This topic tells you how to troubleshoot Cloud Native Runtimes, commonly known as CNRs, installation or configuration.
After upgrading to Tanzu Application Platform v1.6.4 or later, if you attempt to update a web workload created in Tanzu Application Platform v1.6.3 or earlier you see the following error:
API server says: admission webhook "validation.webhook.serving.knative.dev" denied the request: validation failed: annotation value is immutable: metadata.annotations.serving.knative.dev/creator (reason: BadRequest)
Kapp controller, which is the orchestrator underneath workloads, deploys resources exactly as requested.

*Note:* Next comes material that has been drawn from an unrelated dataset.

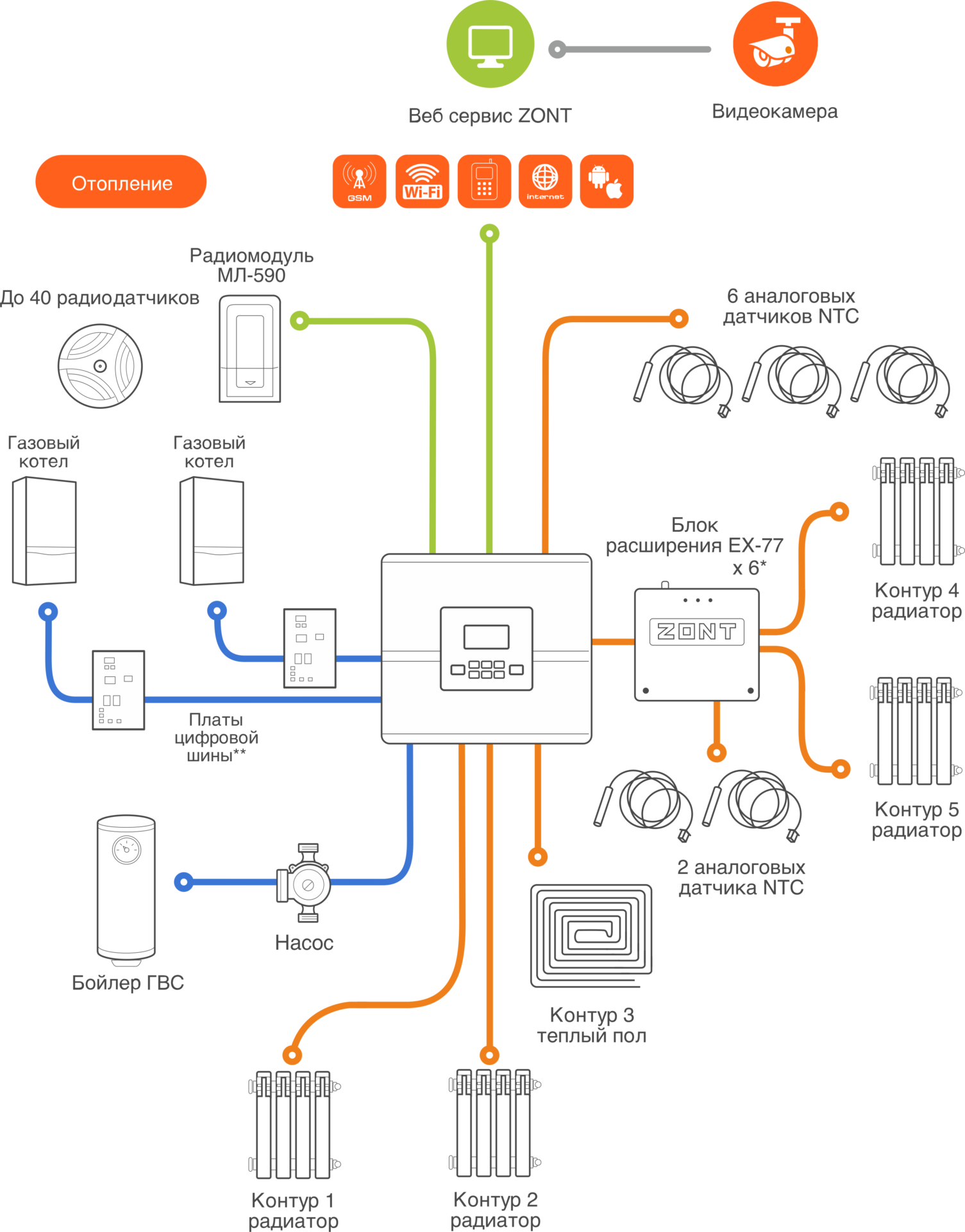Регулятор ZONT Climatic 1.3 позволяет автоматизировать и управлять комплексной отопительной системой, включающей 1 контур ГВС и 3 прямых/смесительных контура. ZONT Climatic 1.3 позволяет расширить систему до 15 прямых/смесительных контуров за счет подключаемых блоков расширения (один блок дает 2 дополнительных контура).

However, Knative adds annotations to Knative Services to track the creator and last modified time of a resource. This conflict between kapp controller and Knative is a known issue and expected behavior that is mitigated by a kapp configuration that the supply chain defines and uses at deploy time. The kapp config specifies that the annotations Knative adds must not be modified during updates.
As of Tanzu Application Platform v1.6.4, the kapp configuration moved from the delivery supply chain to the build supply chain. When a web workload is being updated, the delivery supply chain no longer provides the kapp configuration, which causes the validation error. Although the kapp configuration exists on v1.6.4 in a different part of the supply chain, existing deliverables are not rebuilt to include it.
To workaround this issue:
Deploy the following overlay as a secret to your Tanzu Application Platform installation namespace. In the following example, Tanzu Application Platform is installed to the tap-install
namespace:
apiVersion: v1
kind: Secret
metadata:
name: old-deliverables-patch
namespace: tap-install #! namespace where tap is installed
stringData:
app-deploy-overlay.yaml: |
#@ load("@ytt:overlay", "overlay")
#@ def kapp_config_replace(left, right):
#@ return left + "\n" + right
#@ end
#@overlay/match by=overlay.subset({"kind": "ClusterDeploymentTemplate", "metadata": {"name": "app-deploy"}})
---
spec:
#@overlay/replace via=kapp_config_replace
ytt: |
#@ load("@ytt:overlay", "overlay")
#@ load("@ytt:yaml", "yaml")
#@ def kapp_config_temp():
apiVersion: kapp.k14s.io/v1alpha1
kind: Config
rebaseRules:
- path: [metadata, annotations, serving.knative.dev/creator]
type: copy
sources: [new, existing]
resourceMatchers: &matchers
- apiVersionKindMatcher: {apiVersion: serving.knative.dev/v1, kind: Service}
- path: [metadata, annotations, serving.knative.dev/lastModifier]
type: copy
sources: [new, existing]
resourceMatchers: *matchers
waitRules:
- resourceMatchers:
- apiVersionKindMatcher:
apiVersion: serving.knative.dev/v1
kind: Service
conditionMatchers:
- type: Ready
status: "True"
success: true
- type: Ready
status: "False"
failure: true
ownershipLabelRules:
- path: [ spec, template, metadata, labels ]
resourceMatchers:
- apiVersionKindMatcher: { apiVersion: serving.knative.dev/v1, kind: Service }
#@ end
#@overlay/match by=overlay.subset({"apiVersion": "kappctrl.k14s.io/v1alpha1", "kind": "App", "metadata": { "name": data.values.deliverable.metadata.name}})
---
spec:
fetch:
#@overlay/append
- inline:
paths:
overlay-config.yml: #@ yaml.encode(kapp_config_temp())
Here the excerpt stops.